Bigquery job fails if input data doesn't follow the table datatype

433 views Asked by At

I'm used to running Hive queries on Hadoop and as per my experience even if input data doesn't follow the table datatype, the job doesn't fail. For example: if input data "abc" routes to a table column having 'Integer' datatype then 'NULL' gets inserted for that particular value.

In Big query, I have observed that the job fails in case of data value not strictly following the column datatype.

file-00000000: CSV table encountered too many errors, giving up. Rows: 1; errors: 1. (error code: invalid) query: Could not parse '2017-11-23' as a timestamp. Required format is YYYY-MM-DD HH:MM[:SS[.SSSSSS]]; Could not parse '2017-11-23' as datetime for field date (position 1) starting at location 0 (error code: invalidQuery)

For this example, if '2017-11-23' doesn't follow timestamp datatype then 'NULL' should have been inserted in the column rather than failing the job.

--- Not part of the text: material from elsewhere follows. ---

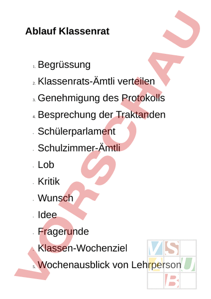 Protokoll, Ablauf und Traktandenliste zum Gestalten eines Klassenrats. Schüler moderieren selber.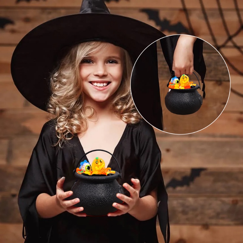 Detail Alat Peraga Dekorasi Pesta Halloween/Candy Decoration Snack Cans/Pot Toples Penyihir Hitam/Toples Tempat Kuali Penyihir Mini/Trick or Treat Mainan Anak/Bucket Permen Tengkorak Halloween

Is there any way to restrict this behavior? My job shouldn't fail whatever the data is. Any insights?

1

There are 1 answers

0
Elliott Brossard On BEST ANSWER

A couple of options:

  • Use a STRING for the column type instead. With a query, you can transform the data e.g. using SAFE_CAST(timestamp_string AS TIMESTAMP) to get NULL values for invalid timestamps.
  • Use the configuration.load.maxBadRecords property to skip rows with invalid data. Note that this will omit the entire row if there is a bad value, however.